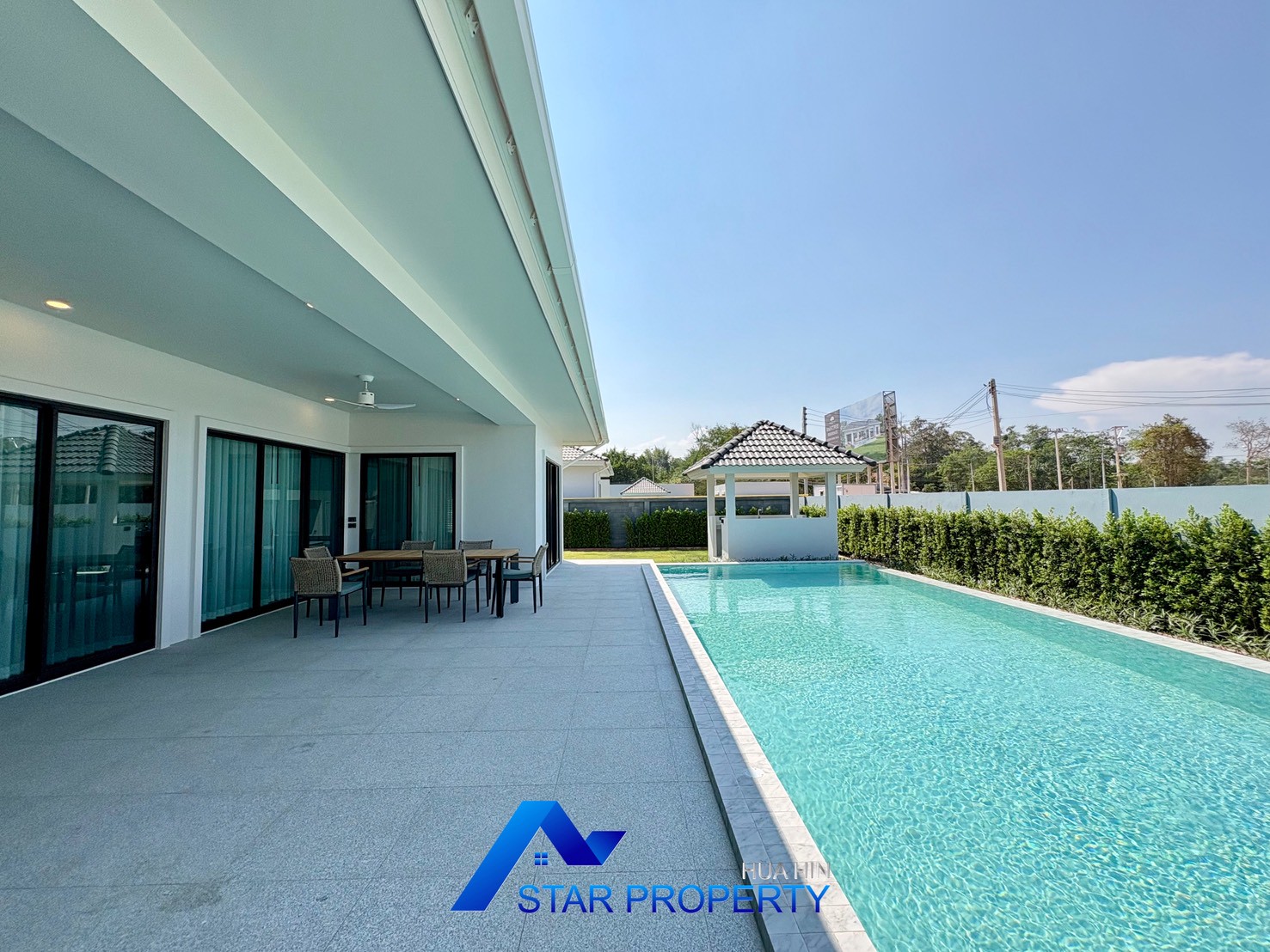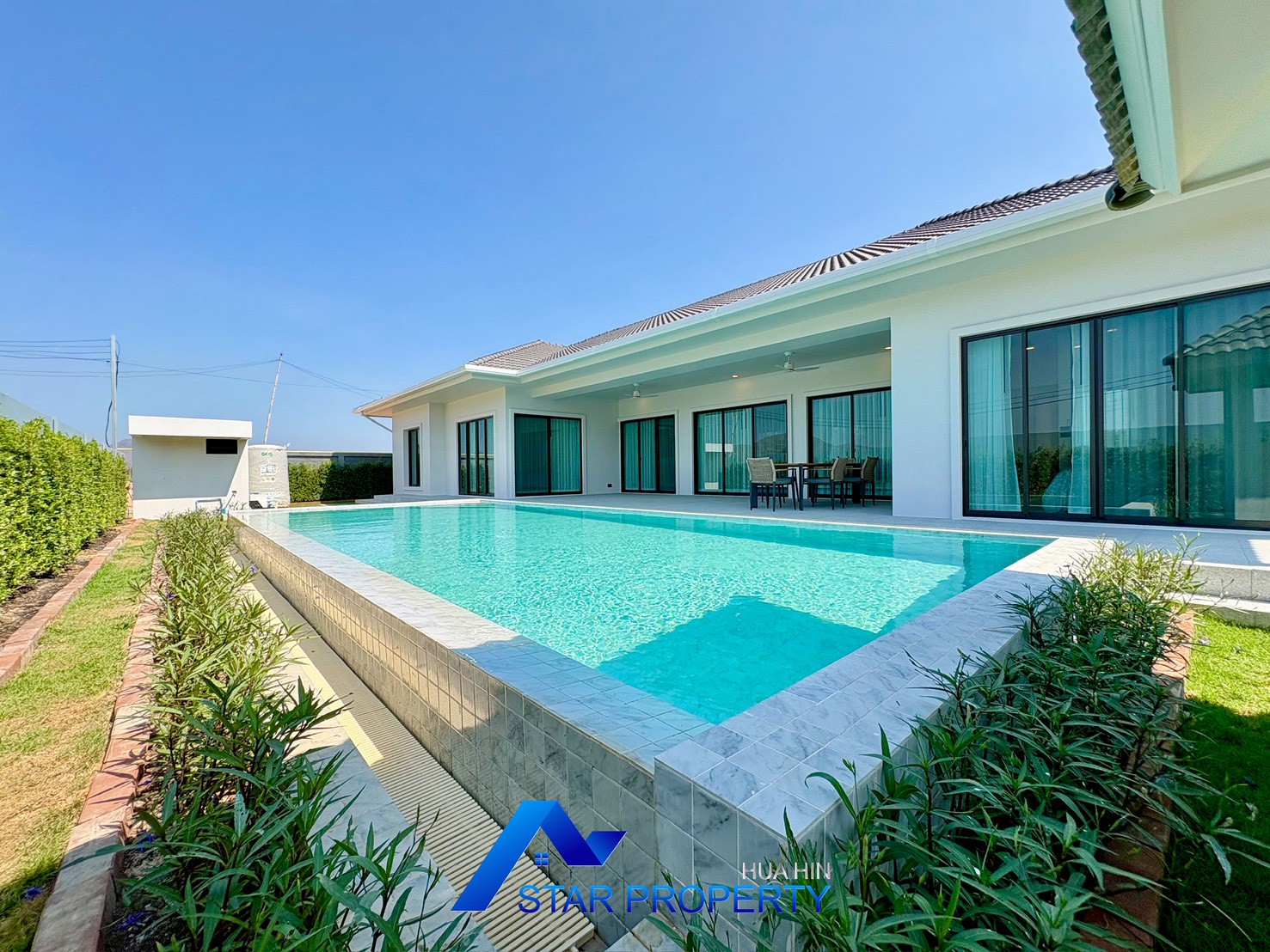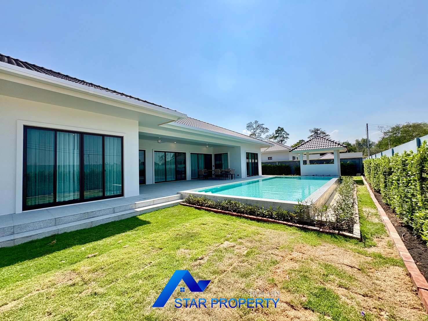 Experience refined tropical living in this beautifully designed modern pool villa, located in a peaceful residential area of Hua Hin. Set on a generous land plot of 676 sq.m. with a spacious usable area of 311.30 sq.m., this property offers privacy, comfort, and a well-planned layout ideal for family living or as a luxurious holiday home.
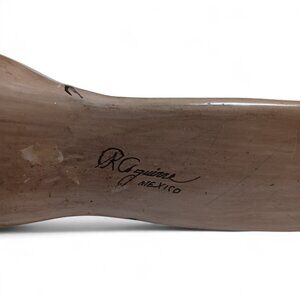 Add a touch of mid-century Mexican folk art to your collection with this charming signed Tonalá bird by R. Aguirre, crafted in the traditional style of Jalisco, Mexico. Made using the brunido (burnished clay) technique, the surface was hand-polished with a stone before firing, creating a smooth, glossy finish that highlights the intricate hand-painted details. This decorative bird features floral and feather motifs in earthy tones of black, gray, and orange against a cream body, balancing gracefully on two peg-style legs. Signed “R. Aguirre / Mexico” on the underside, it dates from the 1950s–1970s, representing the artistry and charm of mid-century Mexican ceramics.
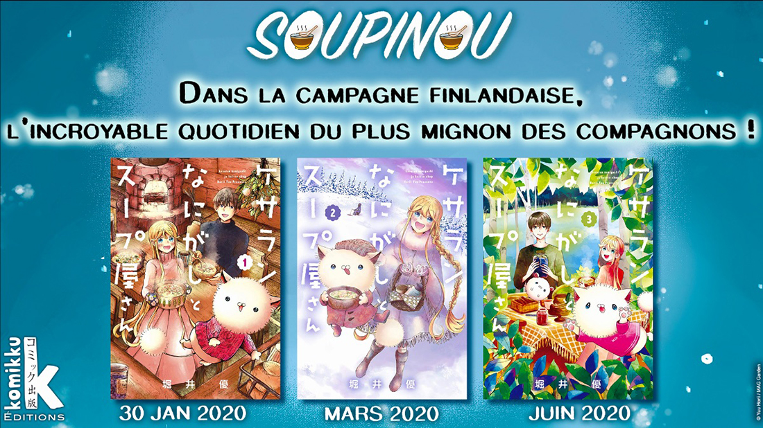 Komikku vous gâte pour la nouvelle année ! L’éditeur a annoncé la parution de SOUPINOU dès le 30 janvier prochain. Signé Yû Horii, dont c’est la première série, SOUPINOU est toujours en cours au Japon et compte déjà 3 tomes. Attention ! Gros risque de mignonnerie avec ce manga ! SOUPINOU raconte l’étrange rencontre de Tina et son frère Nicolas avec la petite boule de poils magique Soupinou, au coeur d’une Finlande enneigée. Dose de bonheur littéraire bientôt en librairie !

* WORK INSTRUCTION
Where the data contains images, drop them and print the rest exactly.

* ANSWER SPACE
 Experience refined tropical living in this beautifully designed modern pool villa, located in a peaceful residential area of Hua Hin. Set on a generous land plot of 676 sq.m. with a spacious usable area of 311.30 sq.m., this property offers privacy, comfort, and a well-planned layout ideal for family living or as a luxurious holiday home.
 Add a touch of mid-century Mexican folk art to your collection with this charming signed Tonalá bird by R. Aguirre, crafted in the traditional style of Jalisco, Mexico. Made using the brunido (burnished clay) technique, the surface was hand-polished with a stone before firing, creating a smooth, glossy finish that highlights the intricate hand-painted details. This decorative bird features floral and feather motifs in earthy tones of black, gray, and orange against a cream body, balancing gracefully on two peg-style legs. Signed “R. Aguirre / Mexico” on the underside, it dates from the 1950s–1970s, representing the artistry and charm of mid-century Mexican ceramics.
 Komikku vous gâte pour la nouvelle année ! L’éditeur a annoncé la parution de SOUPINOU dès le 30 janvier prochain. Signé Yû Horii, dont c’est la première série, SOUPINOU est toujours en cours au Japon et compte déjà 3 tomes. Attention ! Gros risque de mignonnerie avec ce manga ! SOUPINOU raconte l’étrange rencontre de Tina et son frère Nicolas avec la petite boule de poils magique Soupinou, au coeur d’une Finlande enneigée. Dose de bonheur littéraire bientôt en librairie !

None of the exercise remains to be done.